Impact of microcarrier coverage on using permittivity for on-line monitoring high adherent Vero cell densities in perfusion bioreactors

The paper presents the interest of on-line permittivity monitoring to estimate the density of Vero cells growing on microcarriers (MCs), even when high cell densities were reached in perfusion bioreactors (4.5 × 106 cells ml−1). Cultures were performed with various MCs concentrations in a reactor equipped with a settling tube. A linear correlation between on-line permittivity and off-line volumetric cell concentration was observed provided that MCs are not fully covered by cells. High permittivities such as 250 pF cm−1 could be measured without signal saturation of the Fogale Biomass system®. The correlation was no longer linear when cell density per carrier exceeded 100% cell confluency corresponding to 150 cells MC−1 (0.15 × 106 cells cm−2). This behaviour was attributed to the decrease of cell volume when cells saturated MCs surface. It mainly happened when low MCs concentration and continuous medium renewing were used. Therefore, permittivity sensor can be considered as a reliable tool to monitor on-line adherent cell densities not exceeding total cell confluency. Moreover, it could be useful to detect when cell confluency occurs.

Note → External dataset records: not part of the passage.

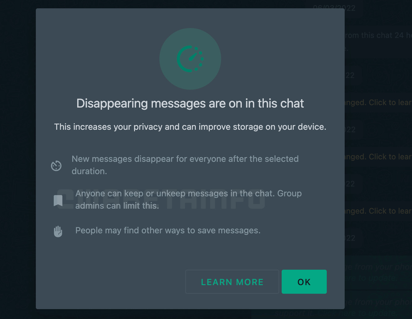 WABetaInfo'nun ortaya çıkardığı özellik uygulamanın 22.14.0.70 kodlu iOS beta sürümünde görüldü. Bu özelliğe göre, ilginç bir şekidle kaybolan mesajları saklama imkanı sunulacak. WhatsApp'ın kaybolan mesaj özelliği, kullanıcılara bir süre sonra yok olan mesajlar göndermesini sağlıyordu. Geliştirme aşamasındaki yeni özellik ise kaybolan mesajlar modunun açıldığı sohbetlerdeki mesajları saklamaya yarayacak. Kullanıcılar, bu yeni özelliği açtıklarında kaybolan mesajların silinmemesini sağlayabilecekler.
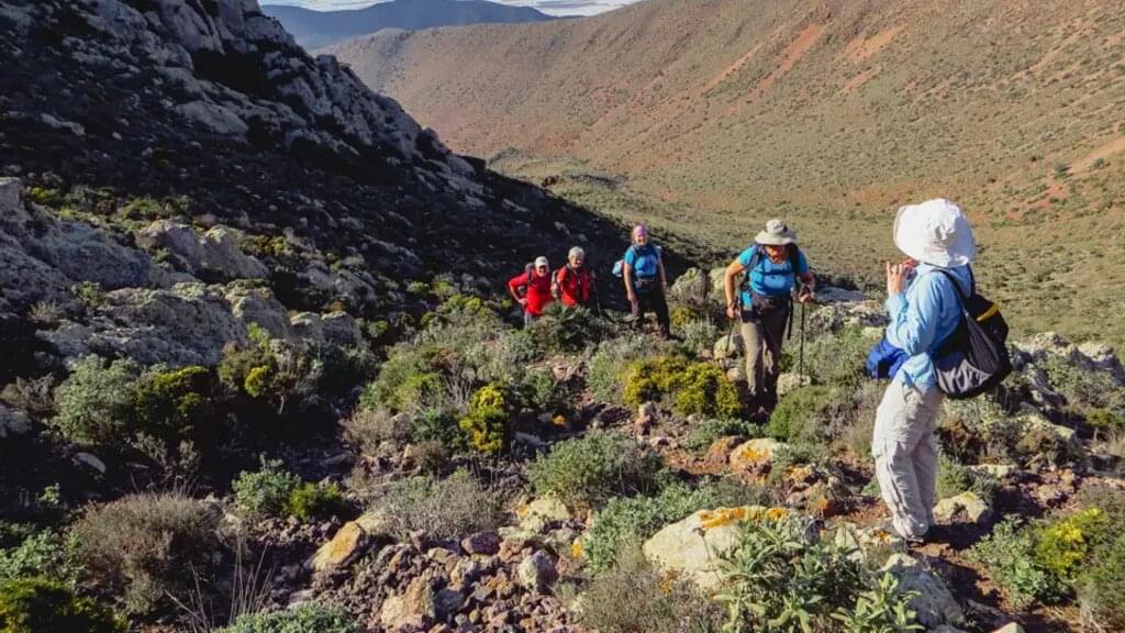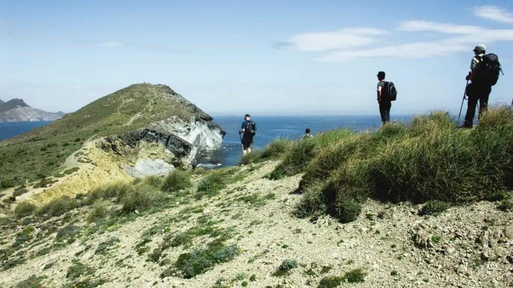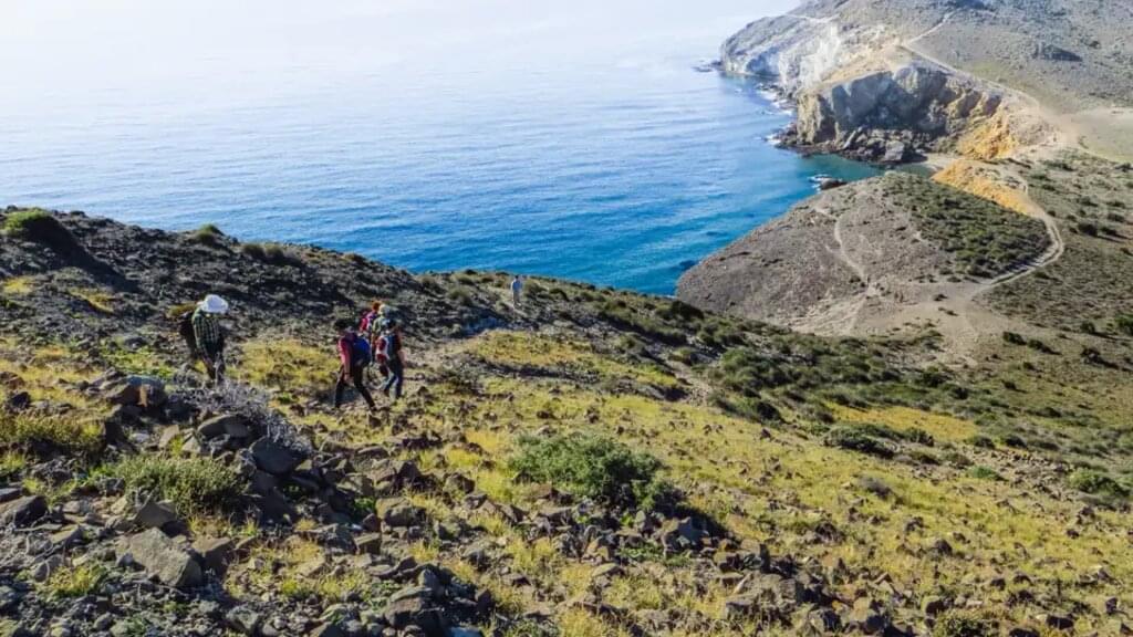 <Nach dem Frühstück besuchen wir den Botanischen Garten im nahen Rodalquilar und fahren anschließend auf der alten Minenstraße in das Herz des Naturparks. Wir steigen in der engen, schattigen und nach Norden ausgerichteten Schlucht von Requena mit ihrer nahezu "üppig-grünen Vegetation" im Vergleich mit der sonst eher kargen Landschaft, auf den Grad des Vulkankessels. Der Cerro Peñones (488 m) ist Teil des Kesselrandes der Caldera von Majada Redonda und bietet uns einen herrlichen Ausblick über den gesamten Naturpark und weite Teile seiner Küste. Von unserem luftigen Picknick Platz gehen wir den ersten Teil gemeinsam bis zum Einstieg in die Requenaschlucht zurück. Die geröllige Schlucht ist nicht für einen Abstieg geeignet, weshalb wir als Gruppe auf einem befestigtem Weg zum Fischerdorf La Isleta del Moro absteigen. Unsere Reiseleitung macht sich bereits auf den Weg zum Auto und trifft uns im Dorf wieder. Nach einer Pause mit Blick über die Bucht geht es zurück zu unserem Hotel. -
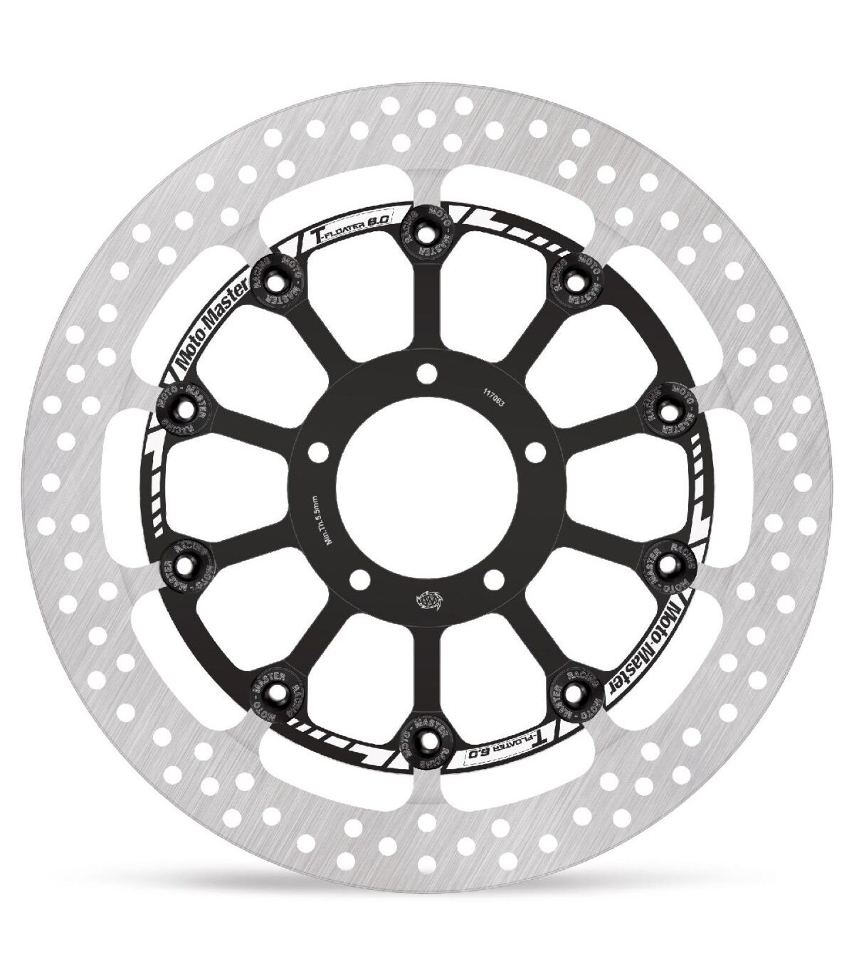 Disque de frein T-Floater série HALOLa conception de l'anneau extérieur HALO assure une dissipation régulière de la chaleur dans des conditions de stress thermique, tout en préservant la propreté de la surface de contact de la plaquette de frein.L'épaisseur de l'anneau extérieur est de 6,0 mm (320 mm) et comporte un trou de refroidissement supplémentaire sur le périmètre extérieur.La partie extérieure découpée au laser et meulée avec précision est fixée à un support en aluminium taillé dans la masse usiné CNC de qualité aéronautique qui est anodisé noir et marqué au laser.Le système T-Floater offre un comportement de flottement contrôlé précis même dans les conditions extrêmes de courseLe design sophistiqué T-Floater permet de résister à de grandes charges mécaniques et de réduire l'usure à un minimumLe système T-Floater est léger grâce à des flotteurs en aluminium anodisé dur spécialement conçus.Brake Rotor Halo T-Floater, Outside Diameter 320mm, Inner Diameter 72mm, Thickness 6,0mm, Pitch 90mm

► High adherent cell density in perfused reactor can be followed by on-line permittivity. ► Low carrier level induces cell confluency and loss of correlation linearity. ► Measurement of cell diameter by image analysis allows total biovolume calculation. ► The decrease of cell size from the time of confluency induces lower permittivity. ► On-line permittivity detects the time of complete coverage of microcarriers.